WKFX
- Rice Lake, Wisconsin; United States;
- Broadcast area: Rice Lake-Spooner, Wisconsin
- Frequency: 99.1 MHz
- Branding: 99.1 The Fox

Programming
- Format: Classic hits

Ownership
- Owner: TKC, Inc.
- Sister stations: WJMC (AM), WJMC-FM, WAQE (AM), WAQE-FM

History
- First air date: 1980 (as WAQE-FM)
- Former call signs: WAQE-FM (1980–1999)
- Former frequencies: 97.7 MHz (1980-1999)

Technical information
- Licensing authority: FCC
- Facility ID: 55339
- Class: C2
- ERP: 44,000 watts
- HAAT: 159 meters (522 ft)
- Transmitter coordinates: 45°22′23.00″N 91°55′22.00″W﻿ / ﻿45.3730556°N 91.9227778°W

Links
- Public license information: Public file; LMS;
- Webcast: Listen Live
- Website: fox99.com

= WKFX =

WKFX (99.1 FM, "99.1 The Fox") is a radio station broadcasting a classic hits music format. Licensed to Rice Lake, Wisconsin, United States, the station serves the Rice Lake-Spooner area. The station is currently owned by TKC, Inc.

Adam Hutton hosts "The Fox Morning Extravaganza" morning show from 6-11am, middays with Christian Emory from 11am-3pm, and drive time with A.J. from 3-7pm.
== History ==
WKFX traces its history to WAQE-FM, the FM companion to WAQE (1090 AM) in Rice Lake. Station material has stated that WAQE first went on the air in August 1979, with WAQE-FM following in November 1980. Aircheck archives document WAQE-FM in fall 1981 using Drake-Chenault's "Contempo" automation service.

Tom Koser's TKC, Inc. entered the station's history during the expansion of the Koser Radio Group in Rice Lake. Koser purchased WJMC AM/FM in 1989 and, in the fall of 1998, bought competing WAQE AM/FM while also developing another FM signal for the Rice Lake market.

The present WKFX identity emerged from a late-1990s frequency and call-letter shuffle involving WAQE-FM and a separate new 97.7 MHz facility licensed to Barron. WAQE-FM had previously operated on 97.7 MHz as a Rice Lake station and was granted approval to move to 99.1 MHz. After that move was authorized, a new construction permit was issued for a separate 97.7 MHz station licensed to Barron. In September 1999, Upper Midwest Broadcasting reported that WAQE-FM was testing its new 99.1 MHz facility while regular WAQE-FM programming continued on 97.7 MHz. At the time, the expected arrangement was for WAQE-FM to move from 97.7 MHz to 99.1 MHz and for the new Barron 97.7 MHz station to sign on as WKFX.

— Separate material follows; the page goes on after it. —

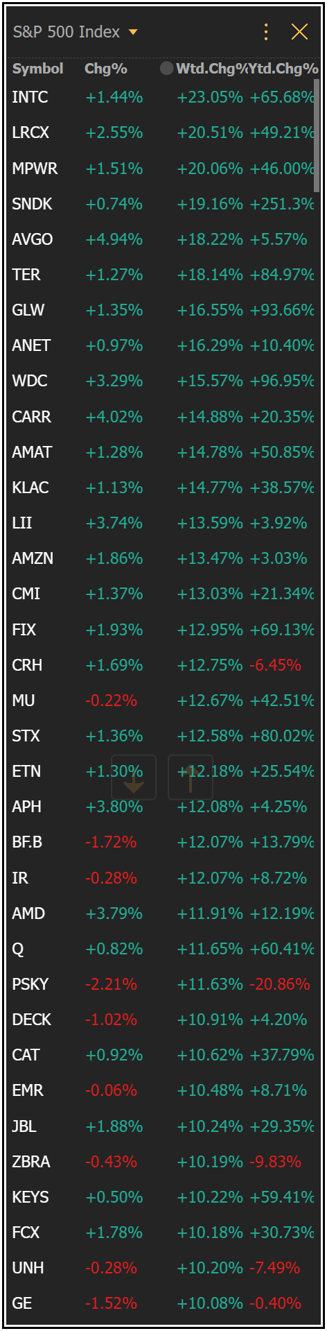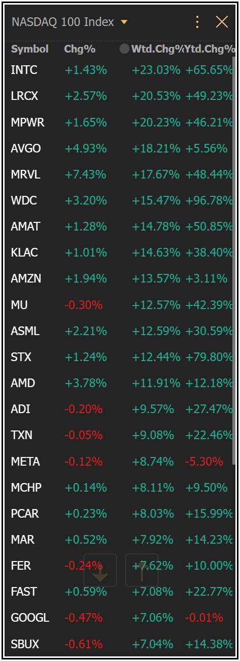 A quick review of the top performing stocks in the S&P 500 and Nasdaq 100 this week shows which stocks are being favored the most:

The final arrangement was different. WKFX began broadcasting on 99.1 MHz in Rice Lake on October 21, 1999, using the "Fox 99-1" branding and a classic hits format.

The M Street Journal also reported the 1999 changes, listing Rice Lake's WKFX on 99.1 MHz with a classic hits format as "The Fox" and Barron's WAQE-FM on 97.7 MHz with a hot adult contemporary format as "Star 97.7". The same issue described WKFX's facilities change as a move to 99.1 MHz, an increase to 44,000 watts, and a Class C2 upgrade.

Under TKC, WKFX was part of a locally operated Rice Lake cluster with WJMC, WJMC-FM, WAQE and WAQE-FM. In a 2014 profile of the Koser Radio Group, Radio World described the group as locally programmed and operated. Koser said the company generated its music playlists internally, emphasized live and local programming, and included local news, information and high-school sports across the FM stations.

In 2023, TKC agreed to sell its Rice Lake stations to Armada Media Partners through AMC Partners Rice Lake, LLC. An FCC public notice listed an assignment application for WKFX, facility ID 55339, from TKC, Inc. to AMC Partners Rice Lake, LLC as accepted for filing on June 29, 2023; the notice listed WKFX as a 99.1 MHz FM station in Rice Lake. NorthPine reported that the asset purchase agreement for the WJMC, WAQE and WKFX group was $4.951 million. The stations officially transferred from Tom Koser and TKC to Armada on October 3, 2023, with Koser retaining WRLS in Hayward and remaining involved with the Rice Lake stations in a managerial role.

WKFX continues to brand as "The Fox 99.1 FM" and promotes a classic-hits format focused on music from the 1970s, 1980s and 1990s.